What the task requires:
Every record below is to be retyped exactly, with the pictures left out.

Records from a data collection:
***

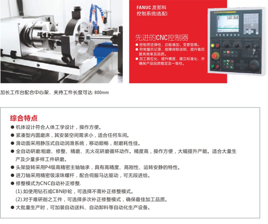 6.进刀轴采用精密级滚珠螺杆,配合伺服马达驱动,可无段进给。修整模式为CNC自动补正修整。
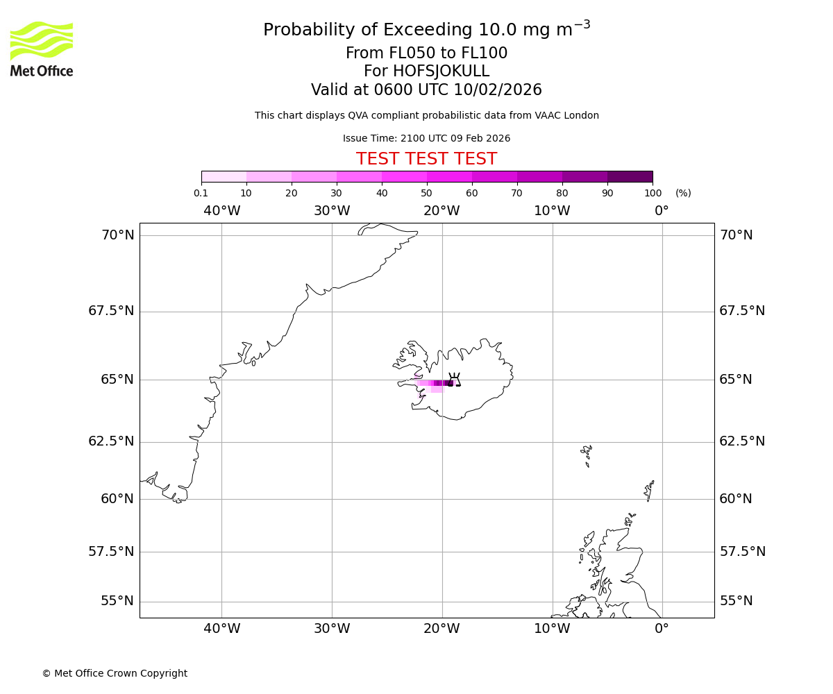 Probability of exceeding 10.0 milligrams per metre cubed. From 000 to 050 for HOFSJOKULL. Valid at 0600 UTC 10/02/2026
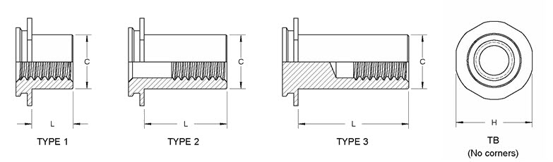 | TBSS-1032-.187-P | Inch | 10-32 | .187 | 1 | .062 | .344 | .281 | HRB 70 or less | .290 | .375 | 300-Series stainless steel | Passivated and/or tested per ASTM A 967 |
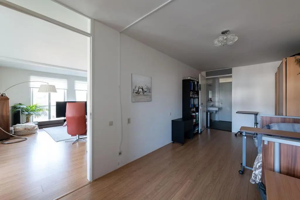 installatie en de 1e slaapkamer. welke momenteel in gebruik is als logeerkamer, maar ook prima als kantoor ingezet kan worden met uitzicht op het pleintje bij Stuifakkers.
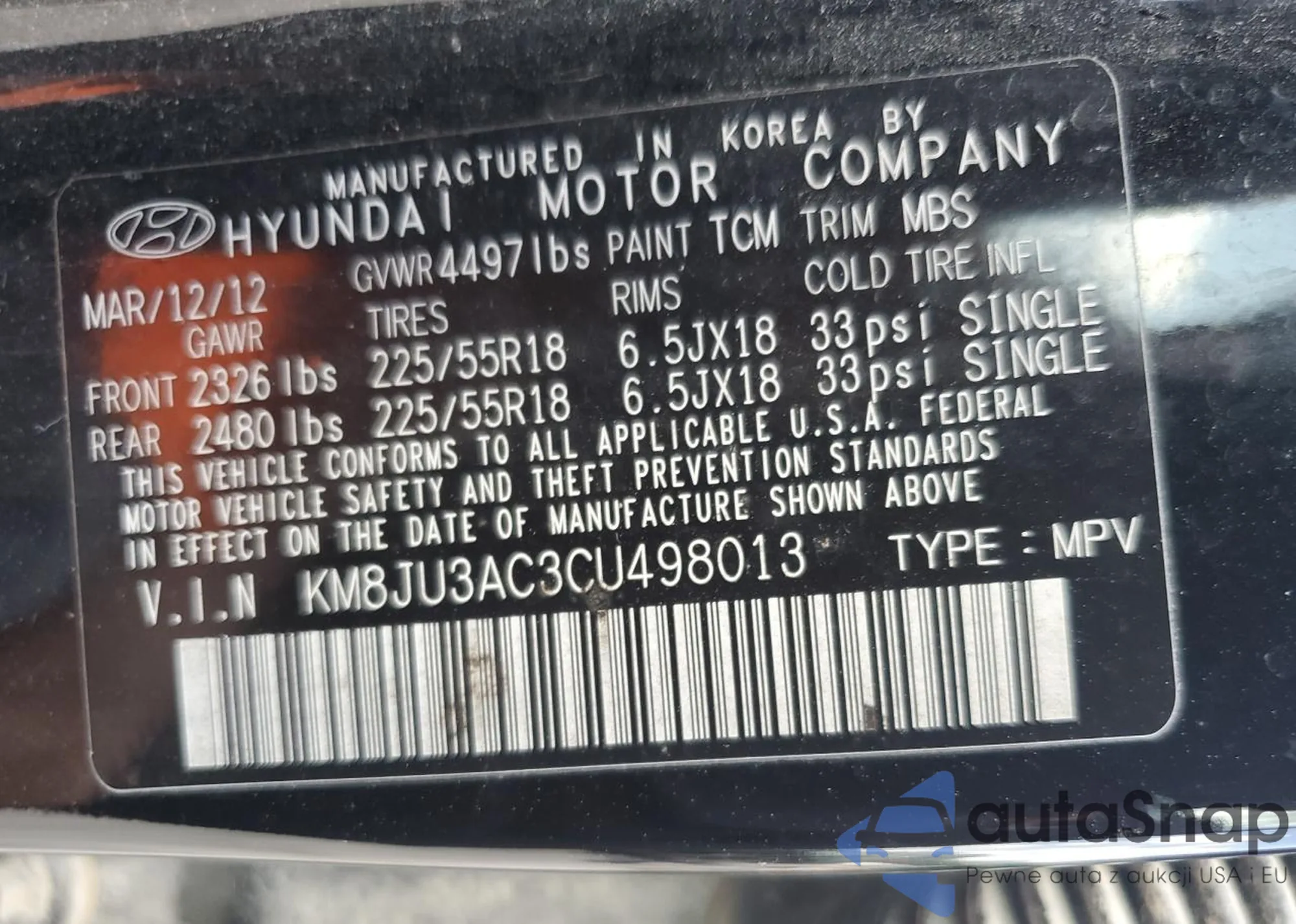 • VIN KM8JU3AC3CU498013
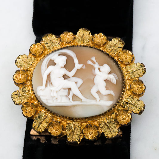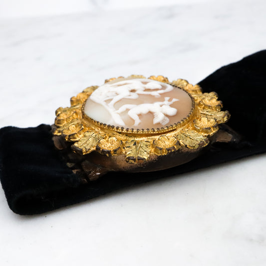 Antique Victorian Venus & Cupid gilt metal foliate framed cameo with velvet ribbon bracelet
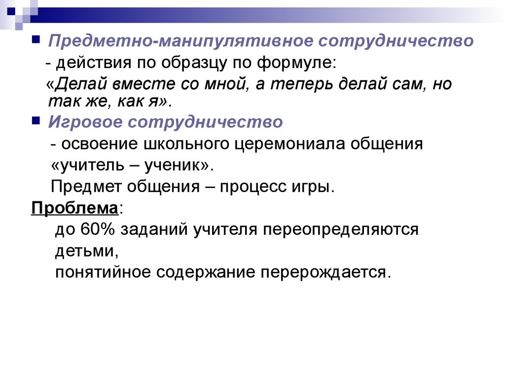 Предметно-манипулятивное сотрудничество- действия по образцу по формуле:
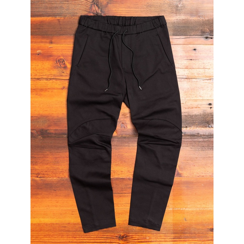 • TheRider Pants from Attachmentare constructed froma thick stretch fabric for superiormobility and functionality. Drawing inspiration from biker pants, the piece is designed with darts in the knee and legs to achieve a super slim silhouette. Constructed with a stretch waistband, draw cords, and a minimalist top block with welted front pockets.
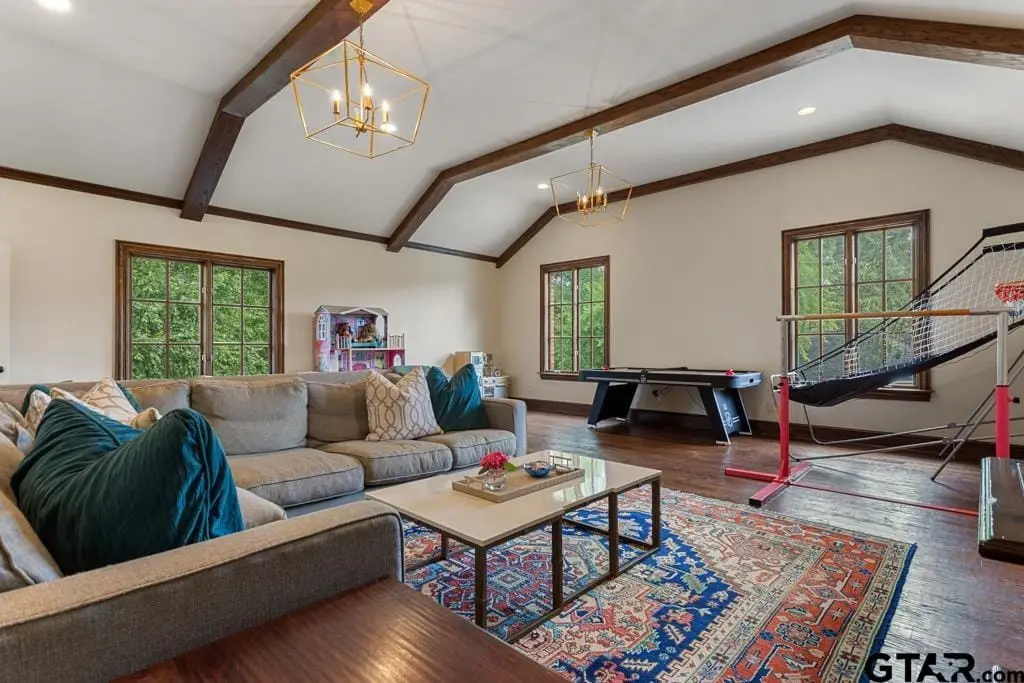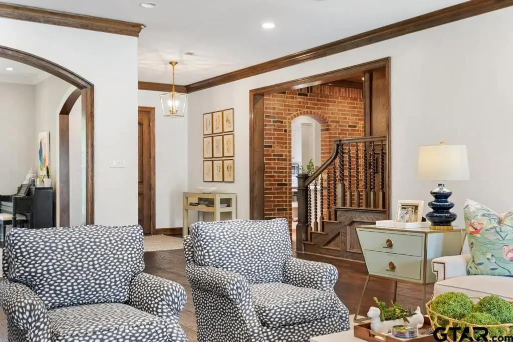 Welcome to 2202 Woodlands of Hollytree West, where timeless elegance meets modern luxury. This meticulously maintained and thoughtfully designed custom-built 4-bedroom, 3.5-bathroom residence offers an unparalleled living experience. Upon entry, the elegant hand-scraped wood floors flow into a bright formal dining room, perfect for gathering. The generous-sized living room is inviting with natural light highlighting the beautiful built-ins and overlooking the pristine backyard. The kitchen exudes charm while being highly functional. Light through the leaded glass window enhances the gorgeous coffered ceiling with hand-hewn beams, Taj Mahal countertops, butcher block island and brick floors. Wolf and Sub-Zero appliances accompany. Enjoy meals and drinks at the bar or breakfast area. Nearby, freshly painted laundry room and office. Down stairs is also host to a half bath and the master bedroom. The vaulted ceiling will catch your eye until you see the completely remodeled spa-like bathroom. The walk-in closet offers built-ins and pull-down extensions for efficiency and convenience. Hardwood oak stairs and barely twist spindles lead you upstairs to 3 bedrooms and 2 bathrooms and an oversized game room. You'll find fresh paint and wallpaper, new countertops and flooring throughout. You will love the abundant, climate-controlled storage too! The house sits on a steel-reinforced slab with 65-drilled piers, 30 seer insulation, 2 new tankless water heaters and 3 easily accessible HVAC units. Solid-core doors with Baldwin hardware, wood-clad energy-efficient windows and copper flashing and gutters provide beauty and function. The new gated driveway, privacy fencing and landscaping enhance the recently constructed pool, hot tub and patio that create an ideal backyard retreat. There is a mosquito misting system too! This exceptional property offers a rare combination of luxury, comfort, and thoughtful design. Schedule your private showing today.
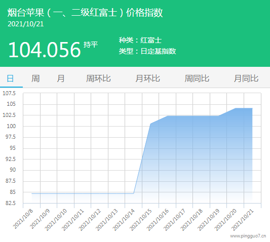 今日烟台苹果指数:104.056,较昨日持平。
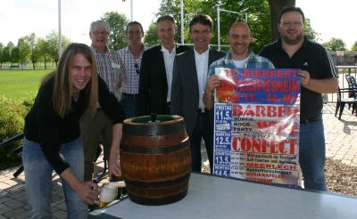 ![]() Bieranstich: Am 11. Mai beginnt das 28. Unterspiesheimer Bierfest. Im Bild von links bei der Bierprobe des Krautheimer Gerstensaftes der Vorsitzende der DJK Unterspiesheim, Markus Ebert, Brauerei-Verkaufsleiter Johannes Kram, zweiter Vorsitzender Volker Erich, Bürgermeister Horst Herbert, zweiter Bürgermeister Martin Mack, Vereinsausschussmitglied Klaus Köpfer und Schriftführer Jochen Brand. / Foto SV DJK Unterspiesheim |
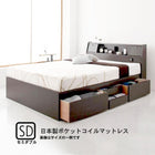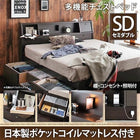 収納 ベッド セミダブル チェストベッド フラップ棚・照明・コンセント付多機能 国産ポケットコイルマットレス付き セミダブル ベッド
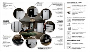 Мишель – это современная спальня с лаконичными формами и строгой геометрией в актуальных природных цветах. Оригинальная конструкция основания в сочетании со светодиодной подсветкой создают «эффект парения». Накладные светильники в комбинированном изголовье дают дополнительное освещение в ночное время, а мягкая накладка с вертикальной отстрочкой поддержит спину во время отдыха. Отсутствие лицевой фурнитуры в ящиках и комодах подчеркивают минималистичный дизайн спальни, а контрастные ручки шкафов оттеняют белизну фасадов.
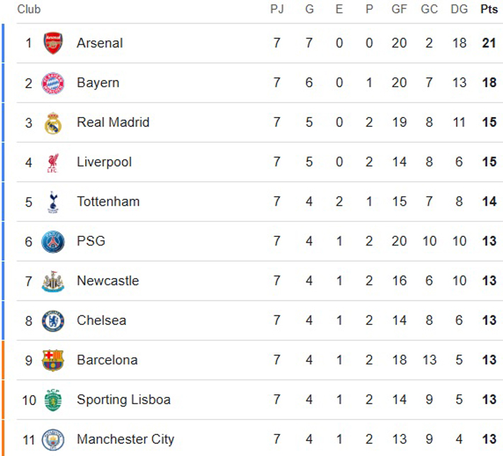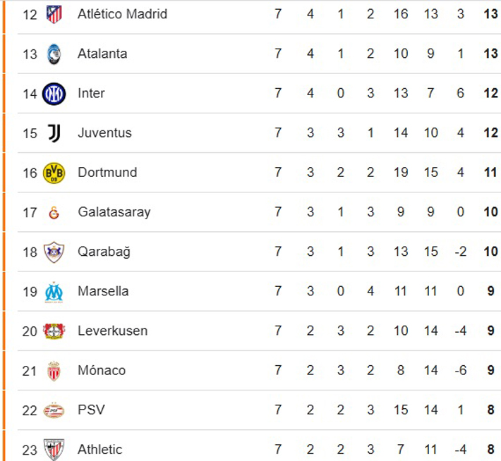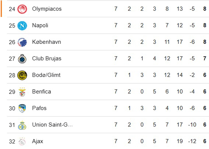 Hay que recordar que los ocho primeros de la clasificación pasan directo a octavos de final, mientras que aquellos elencos que terminen entre el 9° y el 24° puesto disputarán un playoff para seguir en el torneo continental.

***

Response box:
 6.进刀轴采用精密级滚珠螺杆,配合伺服马达驱动,可无段进给。修整模式为CNC自动补正修整。
 Probability of exceeding 10.0 milligrams per metre cubed. From 000 to 050 for HOFSJOKULL. Valid at 0600 UTC 10/02/2026
 | TBSS-1032-.187-P | Inch | 10-32 | .187 | 1 | .062 | .344 | .281 | HRB 70 or less | .290 | .375 | 300-Series stainless steel | Passivated and/or tested per ASTM A 967 |
 installatie en de 1e slaapkamer. welke momenteel in gebruik is als logeerkamer, maar ook prima als kantoor ingezet kan worden met uitzicht op het pleintje bij Stuifakkers.
 • VIN KM8JU3AC3CU498013
 Antique Victorian Venus & Cupid gilt metal foliate framed cameo with velvet ribbon bracelet
 Предметно-манипулятивное сотрудничество- действия по образцу по формуле:
 • TheRider Pants from Attachmentare constructed froma thick stretch fabric for superiormobility and functionality. Drawing inspiration from biker pants, the piece is designed with darts in the knee and legs to achieve a super slim silhouette. Constructed with a stretch waistband, draw cords, and a minimalist top block with welted front pockets.
 Welcome to 2202 Woodlands of Hollytree West, where timeless elegance meets modern luxury. This meticulously maintained and thoughtfully designed custom-built 4-bedroom, 3.5-bathroom residence offers an unparalleled living experience. Upon entry, the elegant hand-scraped wood floors flow into a bright formal dining room, perfect for gathering. The generous-sized living room is inviting with natural light highlighting the beautiful built-ins and overlooking the pristine backyard. The kitchen exudes charm while being highly functional. Light through the leaded glass window enhances the gorgeous coffered ceiling with hand-hewn beams, Taj Mahal countertops, butcher block island and brick floors. Wolf and Sub-Zero appliances accompany. Enjoy meals and drinks at the bar or breakfast area. Nearby, freshly painted laundry room and office. Down stairs is also host to a half bath and the master bedroom. The vaulted ceiling will catch your eye until you see the completely remodeled spa-like bathroom. The walk-in closet offers built-ins and pull-down extensions for efficiency and convenience. Hardwood oak stairs and barely twist spindles lead you upstairs to 3 bedrooms and 2 bathrooms and an oversized game room. You'll find fresh paint and wallpaper, new countertops and flooring throughout. You will love the abundant, climate-controlled storage too! The house sits on a steel-reinforced slab with 65-drilled piers, 30 seer insulation, 2 new tankless water heaters and 3 easily accessible HVAC units. Solid-core doors with Baldwin hardware, wood-clad energy-efficient windows and copper flashing and gutters provide beauty and function. The new gated driveway, privacy fencing and landscaping enhance the recently constructed pool, hot tub and patio that create an ideal backyard retreat. There is a mosquito misting system too! This exceptional property offers a rare combination of luxury, comfort, and thoughtful design. Schedule your private showing today.
 今日烟台苹果指数:104.056,较昨日持平。
 ![]() Bieranstich: Am 11. Mai beginnt das 28. Unterspiesheimer Bierfest. Im Bild von links bei der Bierprobe des Krautheimer Gerstensaftes der Vorsitzende der DJK Unterspiesheim, Markus Ebert, Brauerei-Verkaufsleiter Johannes Kram, zweiter Vorsitzender Volker Erich, Bürgermeister Horst Herbert, zweiter Bürgermeister Martin Mack, Vereinsausschussmitglied Klaus Köpfer und Schriftführer Jochen Brand. / Foto SV DJK Unterspiesheim |
 収納 ベッド セミダブル チェストベッド フラップ棚・照明・コンセント付多機能 国産ポケットコイルマットレス付き セミダブル ベッド
 Мишель – это современная спальня с лаконичными формами и строгой геометрией в актуальных природных цветах. Оригинальная конструкция основания в сочетании со светодиодной подсветкой создают «эффект парения». Накладные светильники в комбинированном изголовье дают дополнительное освещение в ночное время, а мягкая накладка с вертикальной отстрочкой поддержит спину во время отдыха. Отсутствие лицевой фурнитуры в ящиках и комодах подчеркивают минималистичный дизайн спальни, а контрастные ручки шкафов оттеняют белизну фасадов.
 Hay que recordar que los ocho primeros de la clasificación pasan directo a octavos de final, mientras que aquellos elencos que terminen entre el 9° y el 24° puesto disputarán un playoff para seguir en el torneo continental.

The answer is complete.